__Work to be completed__
Among the entries below, please repeat exactly and only the lines from the line containing "SEU AVÔ, XPTO L.J." to the line containing "Figure 6: Débris", both lines included.

__Records for this exercise__
§ §

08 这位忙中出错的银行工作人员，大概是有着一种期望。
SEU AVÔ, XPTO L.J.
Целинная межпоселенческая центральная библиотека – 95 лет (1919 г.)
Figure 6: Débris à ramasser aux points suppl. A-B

§ §

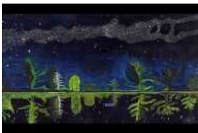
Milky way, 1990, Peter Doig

§ §

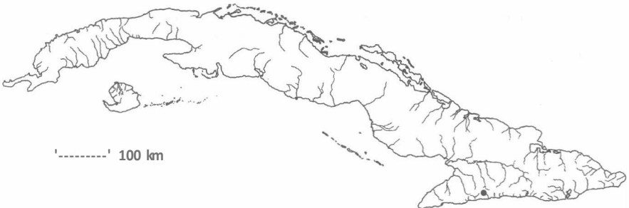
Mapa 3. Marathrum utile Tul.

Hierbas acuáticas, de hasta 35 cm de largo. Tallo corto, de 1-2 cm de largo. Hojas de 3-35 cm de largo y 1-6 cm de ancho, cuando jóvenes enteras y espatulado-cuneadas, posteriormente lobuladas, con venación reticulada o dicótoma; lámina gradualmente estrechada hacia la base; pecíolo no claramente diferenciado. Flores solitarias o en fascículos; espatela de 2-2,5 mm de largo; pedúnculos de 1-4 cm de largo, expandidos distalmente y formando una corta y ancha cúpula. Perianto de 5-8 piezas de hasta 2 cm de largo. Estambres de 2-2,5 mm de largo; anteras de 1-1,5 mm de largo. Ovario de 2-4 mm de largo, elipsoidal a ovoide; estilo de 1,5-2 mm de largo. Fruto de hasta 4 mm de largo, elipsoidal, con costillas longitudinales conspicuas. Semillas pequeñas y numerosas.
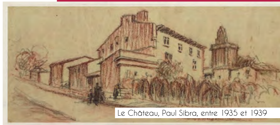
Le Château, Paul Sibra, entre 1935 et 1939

§ §

__Output of the exercise__
SEU AVÔ, XPTO L.J.
Целинная межпоселенческая центральная библиотека – 95 лет (1919 г.)
Figure 6: Débris à ramasser aux points suppl. A-B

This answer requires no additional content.